21 substituting outliers

Ok. We found the outliers. Now what?!

As usual, it depends.

21.1 Do nothing

Assuming the outlier indeed happened in real life, and is not the result of faulty data transmission or bad data recording, then excluding an outlier might be the last thing you want to do. Sometimes extreme events do happen, such as a one-in-a-hundred-year storm, and they have a disproportionate weight on the system you are studying. The outliers might actually be the most interesting points in your data for all you know!

In case the outliers are not of interest to you, if you are using robust methods to analyze your data, you don’t necessarily need to do anything either. For instance, let’s say that you want to smooth your time series. If instead of taking the mean inside a sliding window you choose to calculate the median, then outliers shouldn’t be a problem. Test it and see if it’s true. Go on.

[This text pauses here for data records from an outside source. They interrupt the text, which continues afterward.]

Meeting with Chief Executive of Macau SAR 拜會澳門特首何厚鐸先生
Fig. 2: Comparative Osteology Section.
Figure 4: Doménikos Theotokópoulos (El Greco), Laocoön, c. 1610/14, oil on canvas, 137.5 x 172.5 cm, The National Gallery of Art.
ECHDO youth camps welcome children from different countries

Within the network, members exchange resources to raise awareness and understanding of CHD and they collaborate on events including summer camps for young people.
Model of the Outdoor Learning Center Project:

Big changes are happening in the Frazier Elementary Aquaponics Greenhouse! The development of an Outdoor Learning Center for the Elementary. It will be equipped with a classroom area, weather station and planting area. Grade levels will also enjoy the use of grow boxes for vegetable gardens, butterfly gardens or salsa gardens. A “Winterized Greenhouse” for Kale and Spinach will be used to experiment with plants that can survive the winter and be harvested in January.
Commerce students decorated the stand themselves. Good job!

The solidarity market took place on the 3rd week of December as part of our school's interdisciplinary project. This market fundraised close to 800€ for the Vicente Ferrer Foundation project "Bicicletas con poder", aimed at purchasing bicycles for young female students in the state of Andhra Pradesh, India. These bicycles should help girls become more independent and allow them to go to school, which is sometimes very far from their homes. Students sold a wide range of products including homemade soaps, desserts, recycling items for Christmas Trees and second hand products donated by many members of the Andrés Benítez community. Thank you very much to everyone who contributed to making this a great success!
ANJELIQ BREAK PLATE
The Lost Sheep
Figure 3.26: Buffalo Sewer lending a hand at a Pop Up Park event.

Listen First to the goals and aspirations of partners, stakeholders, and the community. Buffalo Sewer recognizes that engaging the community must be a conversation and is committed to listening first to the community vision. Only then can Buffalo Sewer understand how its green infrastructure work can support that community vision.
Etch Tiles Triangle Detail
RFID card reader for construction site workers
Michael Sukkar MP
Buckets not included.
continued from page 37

For many things you need to do (not only smoothing), you might be able to find robust methods. What do you do if you have to use a non-robust method? Well, then you can substitute the outlier for two things: NaN or imputated values.

21.2 NaN

Substitute outliers for NaN.

NaN means “Not a Number”, and is what you get when you try to perform a mathematical operation like 0/0. It is common to see NaN in dataset rows when data was not collected for some reason.

This might seem like a neutral solution, but it actually can generate problems down the line. See this example:

import stuff

import numpy as np
import pandas as pd
import matplotlib.pyplot as plt
from matplotlib.dates import DateFormatter
import matplotlib.dates as mdates
import seaborn as sns
sns.set(style="ticks", font_scale=1.5)  # white graphs, with large and legible letters
from scipy.signal import savgol_filter

# example using numpy
series = np.array([2, 4, 5, np.nan, 8, 15])
mean = np.mean(series)
print(f"the series average is {mean}")

the series average is nan

A single NaN in your time series ruins the whole calculation! There is a workaround though:

mean = np.nanmean(series)
print(f"the series average is {mean}")

the series average is 6.8

You have to make sure what is the behavior of each function you use with respect to NaNs, and if possible, use a suitable substitute.

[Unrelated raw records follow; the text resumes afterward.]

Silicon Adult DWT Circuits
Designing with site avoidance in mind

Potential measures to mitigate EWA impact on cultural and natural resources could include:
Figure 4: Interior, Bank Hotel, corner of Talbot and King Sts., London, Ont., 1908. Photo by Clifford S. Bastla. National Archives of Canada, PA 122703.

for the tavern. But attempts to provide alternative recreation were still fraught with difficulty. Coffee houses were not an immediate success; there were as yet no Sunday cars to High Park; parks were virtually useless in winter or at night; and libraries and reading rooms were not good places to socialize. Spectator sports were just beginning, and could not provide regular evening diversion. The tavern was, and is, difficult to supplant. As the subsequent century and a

The same example in pandas would not fail:

date_range = pd.date_range(start='2024-01-01', periods=len(series), freq='1D')
df = pd.DataFrame({'series': series}, index=date_range)
mean = df['series'].mean()
print(f"the series average is {mean}")

the series average is 6.8

21.3 imputate values

To “imputate values” means to fill in the missing value with a guess, an estimation of what this data point “should have been” if it were measured in the first place. Why should we bother to do so? Because many tools that we know and love don’t do well with missing values.

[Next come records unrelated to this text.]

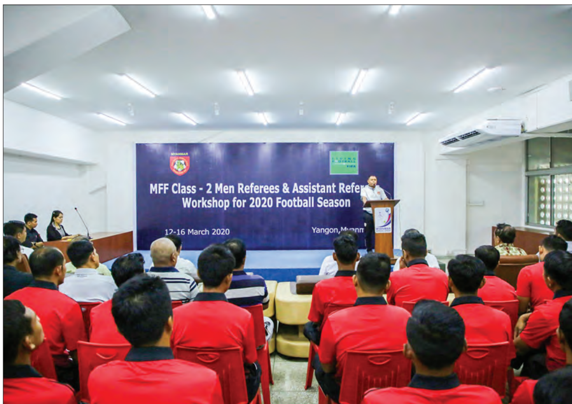
MFF Class-2 Men Referees and Assistant Referees Workshop for the 2020 Football Season was held yesterday in Yangon.
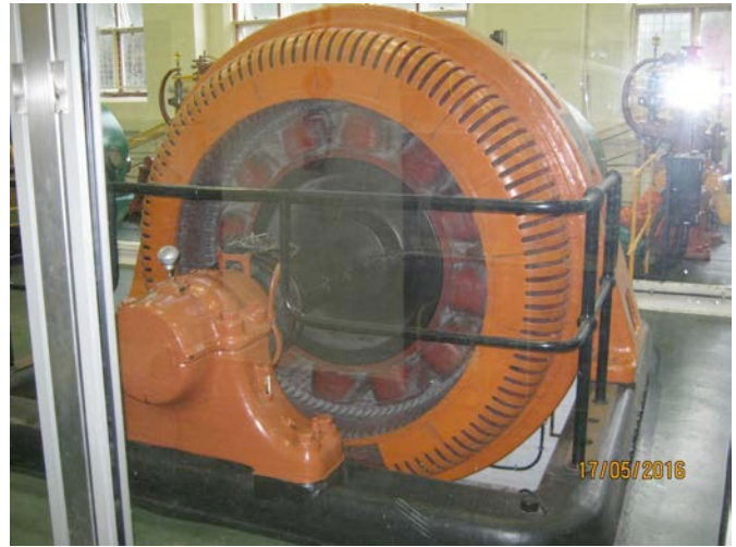
102 year old turbine put in by the Mt Lyle Copper mine
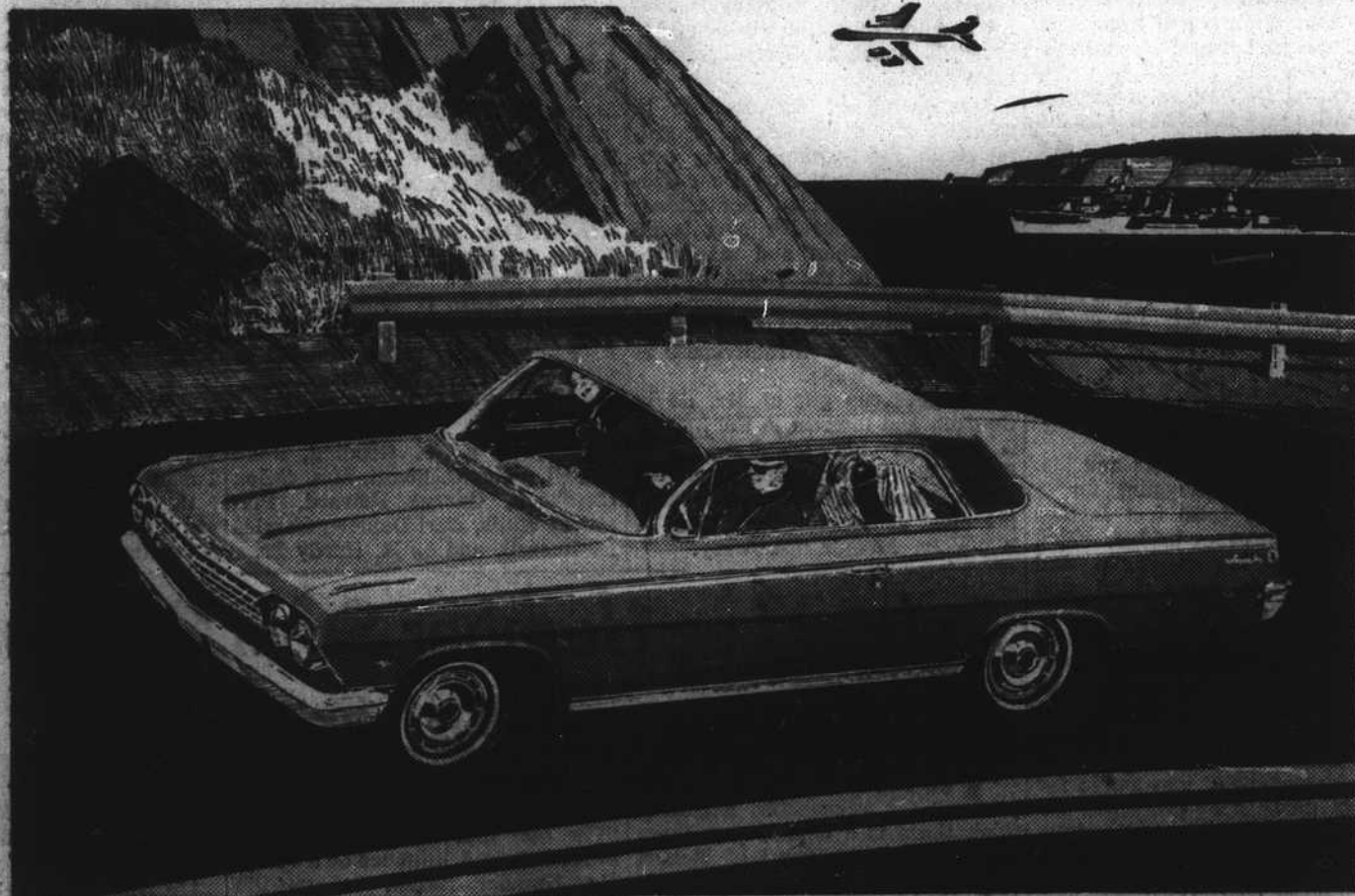
Inspira Sport Coupe—here's about everything you'd expect of an expensive car—except the expense.
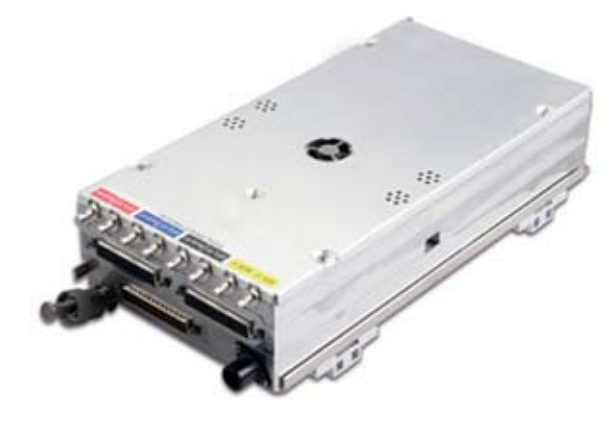
Figure 1 GTS 8XX LRU

The GTS 8XX Series Traffic Advisory System (TAS) and Traffic Collision Avoidance System (TCAS I) uses active interrogations of Mode A/C/S transponders to provide Traffic Advisories to the pilot independent of the air traffic control system. The system also uses passive surveillance by means of an Automatic Dependent Surveillance – Broadcast (ADS-B) receiver which is enabled when installed with an ADS-B link transmit class of equipment.
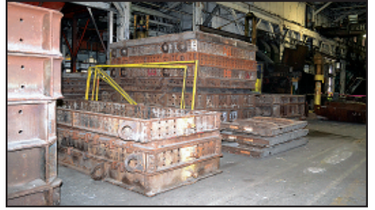
Return Sand System
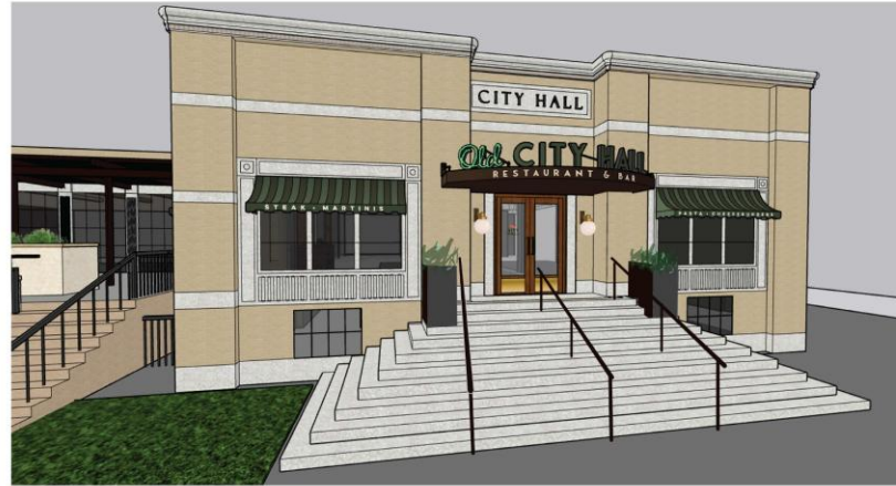
A Front-Lit, Plex-Face Channel Letters w/ LED, Individually Mounted ¥Front View

We learned about the Savitzky-Golay filter for smoothing data. See what happens when there is a single NaN in the series:

create time series

steps = np.random.randint(low=-2, high=2, size=100)
data = steps.cumsum()
date_range = pd.date_range(start='2023-01-01', periods=len(data), freq='1D')
df = pd.DataFrame({'series': data}, index=date_range)
df.loc['2023-02-05', 'series'] = np.nan

smooth it and then plot

df['sg'] = savgol_filter(df['series'], window_length=15, polyorder=2)

def concise(ax):
    locator = mdates.AutoDateLocator(minticks=3, maxticks=7)
    formatter = mdates.ConciseDateFormatter(locator)
    ax.xaxis.set_major_locator(locator)
    ax.xaxis.set_major_formatter(formatter)

fig, ax = plt.subplots(figsize=(8,4))
ax.plot(df['series'], color="tab:blue", label="series with 1 NaN")
ax.plot(df['sg'], color="tab:orange", label="SavGol filter has many more NaNs")
concise(ax)
ax.legend(frameon=False);

We will deal with this topic in the next chapter, “interpolation”. There, we will learn a few methods to fill in missing data, and basic NaN operations you should be acquainted with.